Cognitive radio (CR) has been proposed to overcome the shortage of spectrum resources that is introduced by the traditional fixed spectrum allocation method . In CR, the secondary user (SU) can transfer data through an idle channel that is licensed to the primary user (PU) but currently unoccupied, providing that the PU’s normal communication is not disturbed [2, 3]. Hence, the spectrum sensing to detect the PU’s activity is an essential method to reuse the unoccupied spectrum and has become one of the key technologies in CR .

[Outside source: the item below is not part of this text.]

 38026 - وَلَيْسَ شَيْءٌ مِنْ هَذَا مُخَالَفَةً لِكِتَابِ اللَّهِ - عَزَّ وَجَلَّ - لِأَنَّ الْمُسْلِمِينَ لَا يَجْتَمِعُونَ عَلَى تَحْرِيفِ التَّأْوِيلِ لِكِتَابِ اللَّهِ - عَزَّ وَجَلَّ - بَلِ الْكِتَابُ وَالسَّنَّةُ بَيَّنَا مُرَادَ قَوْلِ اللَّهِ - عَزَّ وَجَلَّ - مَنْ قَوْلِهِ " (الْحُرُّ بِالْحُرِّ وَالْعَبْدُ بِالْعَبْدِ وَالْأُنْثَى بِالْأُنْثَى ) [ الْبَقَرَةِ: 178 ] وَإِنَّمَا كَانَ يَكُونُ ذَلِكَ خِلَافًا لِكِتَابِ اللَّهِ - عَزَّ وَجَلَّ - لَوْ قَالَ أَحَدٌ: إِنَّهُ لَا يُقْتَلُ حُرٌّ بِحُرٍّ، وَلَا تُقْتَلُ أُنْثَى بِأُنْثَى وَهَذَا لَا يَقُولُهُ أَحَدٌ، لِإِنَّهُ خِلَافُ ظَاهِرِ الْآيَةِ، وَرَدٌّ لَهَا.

Spectrum sensing requests the SU to efficiently and accurately detect the presence of the PU, in order to avoid causing harmful interference to the PU . Since, to the SU, the PU’s signal is often with unknown location, structure, and strength, energy detection, which is widely used due to its simple implementation, serves as the optimal spectrum sensing method when the detector only receives the power of the received signal . The sensing time has deep impact on the performance of energy detection, and the sensing performance, reflected by the false alarm and detection probabilities, can be improved with the increase of the sensing time . In CR, the higher the detection probability is, the less interference the PU suffers, while the lower the false alarm probability becomes, the more opportunity the SU gets to access the spectrum .

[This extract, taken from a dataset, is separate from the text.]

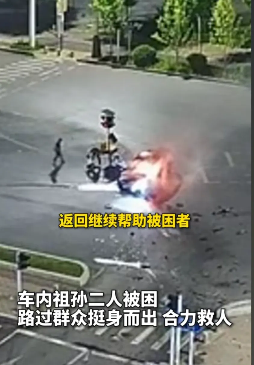 众人合力两分钟救出被困爷孙,近日,在山西晋城发生了一起惊心动魄的事件。一辆轿车突发事故后自燃,车内爷孙两人被困,情况万分危急。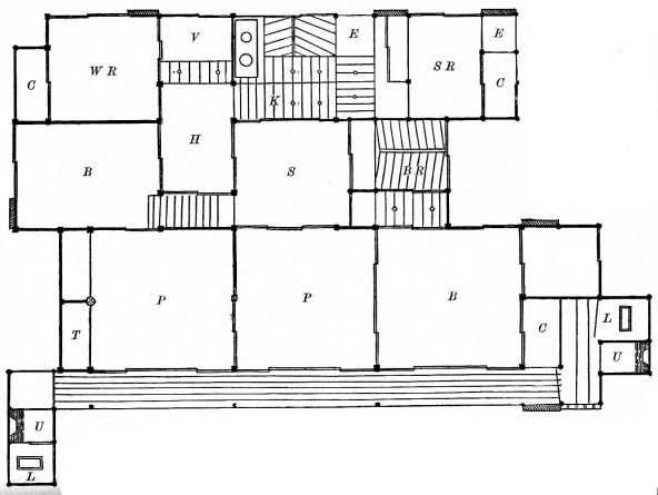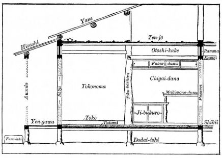 In connection with the statement just made, that it is difficult to recognize any special types of architecture in Japanese dwellings, it may be interesting to mention that we found it impossible to get books in their language treating of house architecture. Doubtless books of this nature exist,—indeed, they must exist; but though the writer had a Japanese bookseller, and a number of intelligent friends among the Japanese, looking for such books, he never had the good fortune to [pg 48] secure any. Books in abundance can be got treating of temple architecture, from the plans of the framing to the completed structure; also of kura, or go-downs, gateways, tori-i, etc. Plans of buildings for their tea-ceremonies, and endless designs for the inside finish of a house,—the recesses, book-shelves, screens, and indeed all the delicate cabinet-work,—are easily obtainable; but a book which shall show the plans and elevations of the ordinary dwelling the writer has never yet seen. A number of friends have given him the plans of their houses as made by the carpenter, but there were no elevations or details of outside finish represented. It would seem as if, for the ordinary houses at least, it were only necessary to detail in plan the number and size of the rooms, leaving the rest of the structure to be completed in any way by the carpenter, so long as he contrived to keep the rain out.

In recent years, multichannel CR has been proposed to improve the throughput by allowing the SU to utilize multiple idle subchannels to transfer data synchronously; however, before communicating, the SU has to detect the PU’s activity in each subchannel . A multiband joint detection method is introduced in , which jointly detects the PU’s signals over multiple frequency bands rather than over one band in the equal sensing time. In , the authors consider an orthogonal frequency division multiplexing (OFDM) based multichannel CR system and present efficient algorithms to maximize the SU’s aggregate throughput by jointly optimizing both the sensing threshold and the power allocation, taking into account the influence of the false alarm and detection probabilities. However, the sensing time is not considered by the authors, which may shorten the SU’s transfer time and decrease its throughput. In [12, 13], a sensing-throughput tradeoff problem is analyzed mathematically, and the energy detection is used to prove that the formulated problem indeed has one optimal sensing time that yields the highest throughput. However, in multichannel CR, how to obtain the optimal set of the sensing time to all the subchannels is very important.

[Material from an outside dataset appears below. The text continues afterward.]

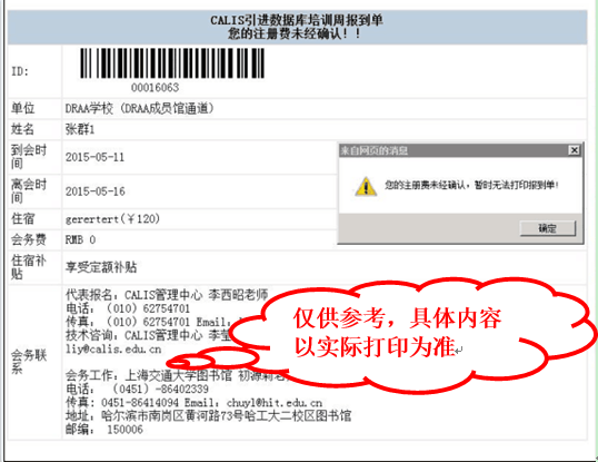 确认报名信息不会变更后,请登陆“参会代表报名”打印“CALIS引进数据库培训周报到单”(一人一份,非补贴名额需缴费后才能打印),切记:修改注册信息后请重新打印注册单。报到时请携带报到单办理注册手续。

In this paper, subject to the constraints of the false alarm and detection probabilities of each subchannel and the aggregate interference power and rate of the SU, a multislot spectrum sensing and transfer scheme for multichannel CR is formulated. The SU’s aggregate throughput is maximized by jointly allocating the optimal number of sensing time slots and the optimal transfer power to each subchannel. The analytical and numerical results obtained in this paper clearly show that the maximal throughput can be achieved when the sensing time slots and the transfer power are both optimized.
2.1. Multichannel Cognitive Radio
In multichannel CR, the SU may operate over multiple subchannels synchronously; therefore the SU’s throughput can be improved greatly. Consider a PU system, based on multicarrier modulation, operating over a wideband spectrum that is divided into nonoverlapping narrowband subchannels. Since the PU may not use all the subchannels to transfer in the specific time and area, the left unused subchannels are available for the SU’s spectrum access, as shown in Figure 1. Before accessing some subchannel, the SU must estimate the PU’s state (presence or absence) in the subchannel by performing spectrum sensing, and only when the PU’s absence is detected, the SU can use this subchannel to transfer data . However, if the PU’s presence is undetected, the SU may also use the subchannel by causing harmful interference to the PU.
2.2. SU’s Spectrum Sensing
In spectrum sensing, since the SU and the PU are two different kinds of communication systems, SU is difficult to obtain any communication information from the PU system. Hence, the energy detection is widely used in the SU’s spectrum sensing, which can be directly implemented without obtaining any signal information. Energy detection firstly calculates the energy of the received signal and then compares it to a preset threshold .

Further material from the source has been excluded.